━━━━━ Data provided

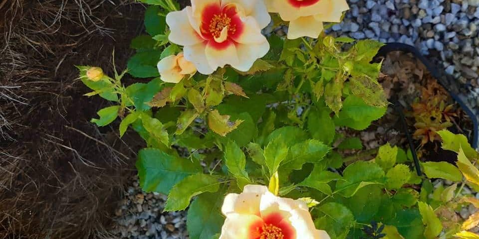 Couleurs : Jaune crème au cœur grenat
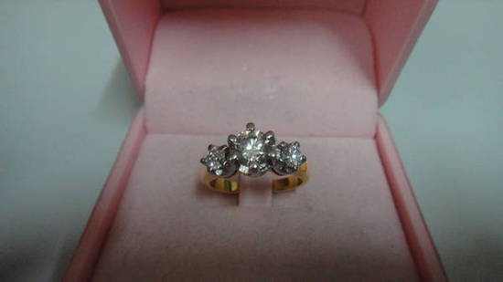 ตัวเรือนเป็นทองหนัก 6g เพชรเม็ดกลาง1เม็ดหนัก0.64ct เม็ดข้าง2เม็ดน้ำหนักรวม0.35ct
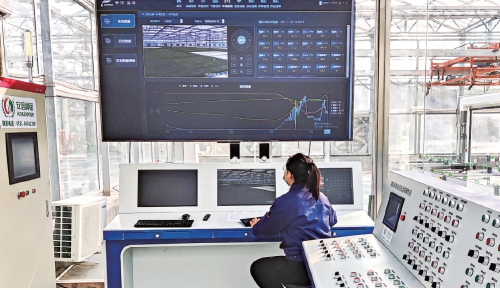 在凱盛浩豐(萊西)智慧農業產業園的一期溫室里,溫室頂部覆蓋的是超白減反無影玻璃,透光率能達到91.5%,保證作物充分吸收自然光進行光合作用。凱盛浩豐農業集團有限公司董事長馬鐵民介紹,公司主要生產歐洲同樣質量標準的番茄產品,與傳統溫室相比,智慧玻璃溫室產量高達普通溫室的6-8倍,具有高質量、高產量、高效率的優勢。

━━━━━━━━━━

What to work on: Copy the material shown above in full and exactly. Skip the pictures.

Answer to the problem:
 Couleurs : Jaune crème au cœur grenat
 ตัวเรือนเป็นทองหนัก 6g เพชรเม็ดกลาง1เม็ดหนัก0.64ct เม็ดข้าง2เม็ดน้ำหนักรวม0.35ct
 在凱盛浩豐(萊西)智慧農業產業園的一期溫室里,溫室頂部覆蓋的是超白減反無影玻璃,透光率能達到91.5%,保證作物充分吸收自然光進行光合作用。凱盛浩豐農業集團有限公司董事長馬鐵民介紹,公司主要生產歐洲同樣質量標準的番茄產品,與傳統溫室相比,智慧玻璃溫室產量高達普通溫室的6-8倍,具有高質量、高產量、高效率的優勢。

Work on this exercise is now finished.